Nairametrics had reported that Nigeria’s global rating is at risk due to the sharp rise in the country’s sovereign debt and a growing finance gap. According to a report from the global rating agency, Fitch Ratings, this could trigger a rating downgrade as policymakers struggle to stimulate growth and deal with the impact of low oil prices and sharp drop in revenue.
According to Fitch, the country’s debt to revenue ration is set to deteriorate further to 538% by the end of 2020, from the 348% that it was a year earlier.
CBN imposes fresh CRR debits on banks to the tune of N118 billion
These debits have inevitably tightened liquidity in the banking system and bankers are complaining.
On July 3rd, 2020, the Central Bank of Nigeria (CBN) once again debited many banks in Nigeria in line with its Cash Reserve Ratio (CRR) compliance requirement. This time around, about 14 banks were debited to the tune of N118 billion.
These banks are:
- Access Bank Plc: N3 billion
- Guaranty Trust Bank Plc: N15 billion
- First Bank of Nigeria Ltd: N12.4 billion
- Ecobank Nigeria: N7 billion
- Sterling Bank Plc: N5 billion
- Fidelity Bank Plc: N11 billion
- Union Bank of Nigeria Plc: N12.5 billion
- First City Monument Bank Ltd: N10 billion
- CitiBank Nigeria Ltd: N10.2 billion
- Stanbic IBTC Bank: N15 billion
- Zenith Bank Plc: N7 billion
- Wema Bank Plc: N3 billion
- Titan Trust Bank: N2.5 billion
- Rand Merchant Bank Nigeria Ltd: N4 billion
More details on these debits
These constant CRR debits, which typically herald the apex bank’s FX auctions as Nairametrics was made to understand, have served to significantly reduce liquidity in the system. An insider who informed Nairametrics about the latest debit said “the liquidity within the system is now very tight”. As a matter of fact, liquidity is now reportedly below N100 billion.

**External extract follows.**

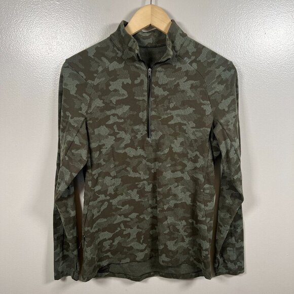 Stylish long sleeve shirt with a camouflage pattern. Features a half-zip design. Perfect for casual wear.

Apparently, the CBN is using these weekly CRR debits to mop up liquidity in the system. In other words, these debits help to prevent banks from coming to the FX auctions with lots of cash. Too much FX demands tend to put the apex bank under pressure.

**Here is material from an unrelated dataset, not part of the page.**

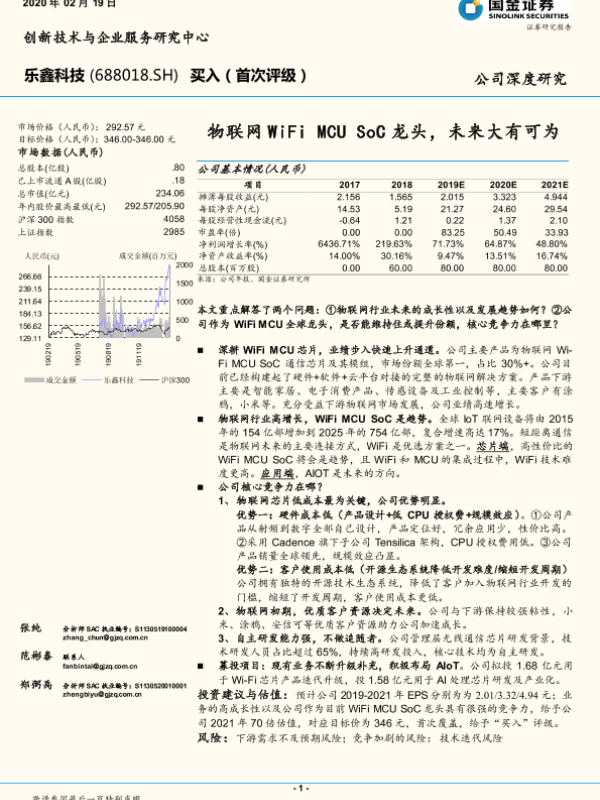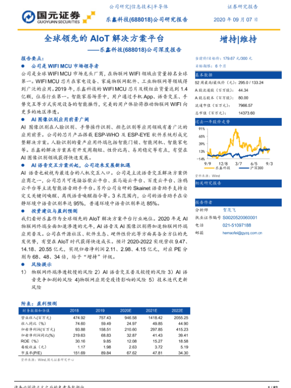 【国元证券】【20200907】20200907-国元证券-乐鑫科技-688018.SH-公司深度报告:全球领先的AIoT解决方案平台-82页 行业研究

Note that inasmuch as the CBN is trying hard to stabilise the FX markets, these constant debits have inevitably affected banks negatively by leaving them cash-strapped. Our source, who was quoted above, earlier complained about these ‘indiscriminate debits’ when he said:
“These are huge amounts that are leaving the banking sector. It’s a squeeze on the banks. A bank like First Bank, for instance, has about N1.4 trillion in CRR with the Central Bank. And there is Zenith Bank with equally as much as N1.5 trillion. These are monies that banks can potentially put in loans at 52% at 30%, or even put in money market instruments at maybe 10%. So, for a shareholder of these banks, this CRR debits are impairing the banks’ ability to increase their earnings because now are not able to use the funds that are legitimately theirs to create money for their shareholders. And the question is that under what framework is the Central Bank choosing to take people’s money?”

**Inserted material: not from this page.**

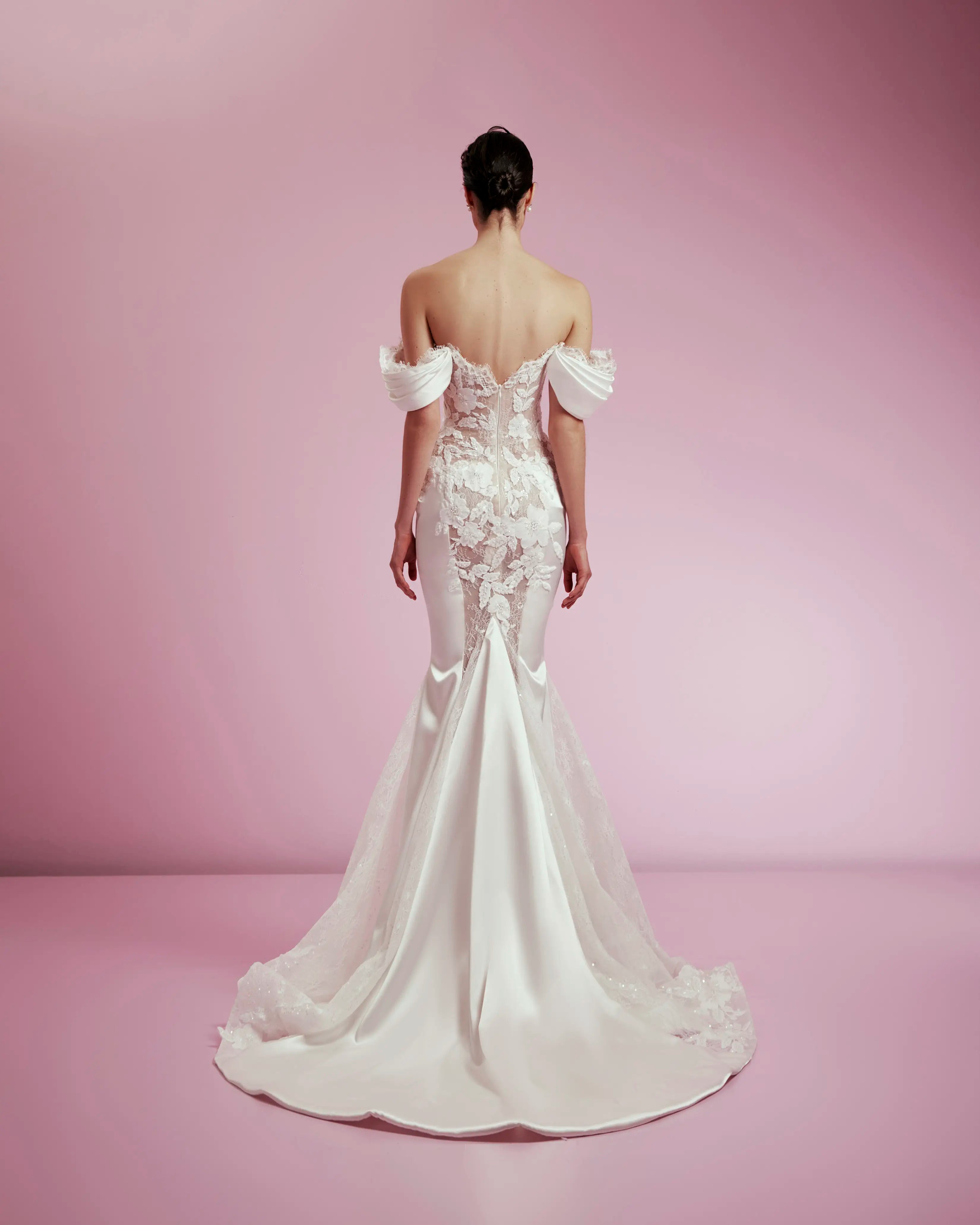Off-The-Shoulder Lace and Silk Dress with Mermaid Cut Train

Banks’ stakeholders have also collectively complained
Meanwhile, bank stakeholders have also collectively complained about these incessant CRR debits by the Central Bank of Nigeria. As Nairametrics reported yesterday, the negative impacts of CBN’s constant CRR debits were among some of the issues raised by banks’ stakeholders during Standard Chartered Bank’s 2020 Africa Investor’s Conference.
It is important to point out that many banks in the country, including the likes of First Bank, now have billions of their customers’ debits sterilised for the sake of CRR compliance.
The cash reserve requirement is the minimum amount banks are expected to leave retained with the Central Bank of Nigeria from customer deposits. In January, the CRR was increased by 5% to 27.5% by the CBN Monetary Policy Committee (MPC) who explained that the decision was intended to address monetary-induced inflation whilst retaining the benefits from the CBN’s LDR policy.